I have a signed and self-distributed extension (web extension format) which uses launchWebAuthFlow to grab an OAuth token. When the OAuth provider redirects back to the redirect URL (https://<id>.extensions.allizom.org as returned by getRedirectURL()) in DE 58.0b4, I receive a 403 Forbidden error. However in normal FF Quantum 57.0 the request completes successfully.
Any idea why the extensions.allizom.org request is failing in DE?
Edit to add: the SSL cert check for the allizom.org redirect URL fails as well in DE:
e8dd248662ffce379a122e1416e16a0266347994.extensions.allizom.org uses an invalid security certificate.
The certificate is only valid for the following names:
*.allizom.org, allizom.org
Error code: SSL_ERROR_BAD_CERT_DOMAIN
Again, in normal FF there are no SSL errors on the redirect URL.
It turns out regular FF wasn’t succeeding, but it was silently failing.
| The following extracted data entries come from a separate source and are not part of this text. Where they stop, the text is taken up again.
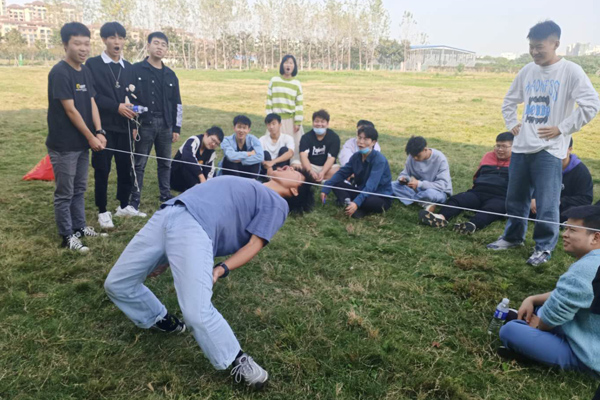 本次活动以寝室为单位,首先开展的是腰力大比拼比赛,以每个寝室成员为一组,每组站一排,室友之间相互扶持,用时最少的一组获得比赛的胜利,而良好的团队配合是制胜的法宝。其次是趣味性较强的趣味蜻蜓点水比赛,参赛者一次取走全部水瓶,就为全中,既锻炼了身体,又增强了团队合作精神,提升了室友之间的信任度,同时也让大家感受到了合作与沟通的重要性,摸石过河比赛将活动氛围带入高潮,游戏参与的过程中需要后方队员的全程指导,用时最少且最快的组获得胜利,这是一个以队员相互信任为主的项目,挑战我们团结协作的能力。通过这些项目,可以感受到队员中的每一位成员都有特殊的价值,在不同的情况下队员之间的优势与弱势是相对的,如果合理使用,它们之间可以互相转换,提高团队完成的效率。荆棘取水,用绳子系住笔,绳子缠绕腰间,通过调整身体上下,将笔放进水瓶,优先完成的寝室获胜。
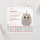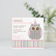 A cute little owl holding a trio of pastel balloons invites your guests in playful style!
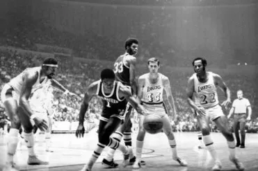 Število legend, ki so nekdaj dominirale v Ligi NBA, na tej fotografiji je zastrašujoče. Wilt Chamberlain, Oscar Robertson, Jerry West, Kareem Abdul-Jabbar, Elgin Baylor, v ozadju pa verjetno še Gail Goodrich. Foto: AP.[/caption]
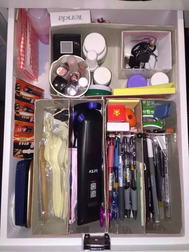 这还没完。另一天路过去借笔,她打开抽屉,哇!“井井有条”是最恰如其分的描述!
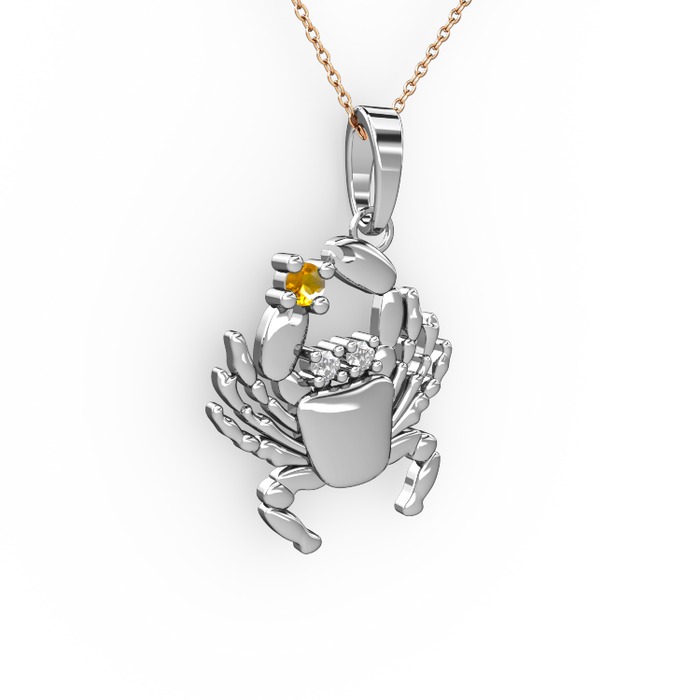 Sitrin ve beyaz zirkon 18 ayar beyaz altın kolye (40 cm rose altın rolo zincir)
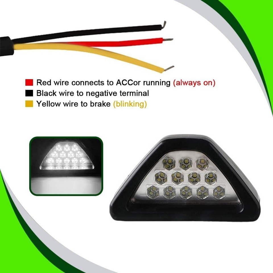 Third 3rd Brake Light, LED F1-Style Triangle Rear Fog/Stop Lamp, Waterproof, ...
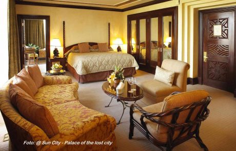 Das Las Vegas Südafrikas, Sun City mit zahlreichen Attraktionen ist vor allem auch für Kinder ein spannendes Ziel und nur 33 km von Johannesburg entfernt. Die Black Rhino Lodge liegt versteckt zwischen Bäumen des Tamboti Waldes am Fuß eines vulkanischen Kraters, der heute eines der 5 interessantesten Eco-Tourismus Ziele Südafrikas beherbergt, den Pilanesberg Nationalpark. Hier können Sie 58 000 ha Malaria freie Natur erkunden und den Zauber des afrikanischen Busches erleben. Die Unterkunft beinhaltet 3 Mahlzeiten pro Tag und 2 Pirschfahrten. Die Suiten sind sehr privat angelegt und mit Minibar, Klimaanlage, Kaffee-und Teekochstation sowie TV ausgestattet.
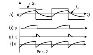 Какой вид имеет ток, показанный на рис.2б, рис.2в, рис.2г,протекающий через диод в схеме рис.1?
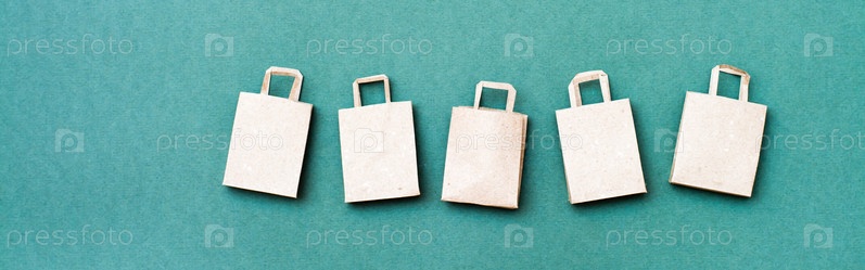Экологически чистые бумажные сумки для покупок подряд на зеленом фоне. Черная пятница распродажа подарков. Веб-баннер
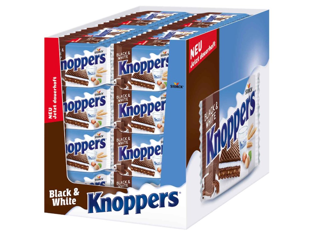 Značka Storck patří mezi nejznámější výrobce sladkostí v Německu. Knoppers je jejich ikonickým produktem, který spojuje kvalitu, chuť i praktičnost. Verze Black & White je moderní variací klasiky, která osloví i náročnější zákazníky. Díky dovozu přímo z Německa přinášíme tuto prémiovou chuť i českým zákazníkům – bez kompromisů.
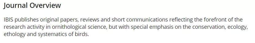 IBIS反映鸟类科学前沿研究活动的文章,关注鸟类的行为、生态、进化和保护,包括鸟类学、鸟类、鸟类、进化、遗传学、古生物学、行为学、系统学、保护、生理学的研究,但特别强调鸟类保护、生态学、行为学和系统学。
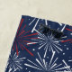 Summery monogrammed beach towel features a bursting fireworks pattern in patriotic red, white and blue, with your single initial monogram centered at the bottom in coordinating navy blue.
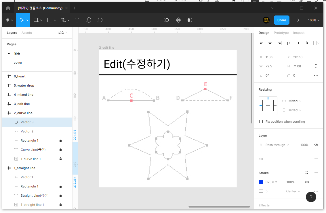 1) [실습]페이지의 [3_edit line]프레임을 중점으로 크게 확대해주세요.

The webAuthFlow popup would close (as opposed to dev where it remained open but showed the error) but the oauth flow didn’t actually succeed.
Looking in the extension debug console in non-dev FF, I see two errors: one is the same SSL cert error I posted above, and the second is: The resource at “https://www.reddit.com/api/v1/access_token” was blocked because tracking protection is enabled.
For some reason tracking protection blocks access to reddit’s oauth endpoint. After disabling tracking protection in non-dev, the oauth flow completes successfully.
However in DE, even with tracking protection disabled, the oauth flow does not succeed and I continue to get the 403 Forbidden error (after adding an exception for the SSL cert issue). There are no logs in the extension console regarding this failure - it doesn’t mention tracking protection as non-dev does.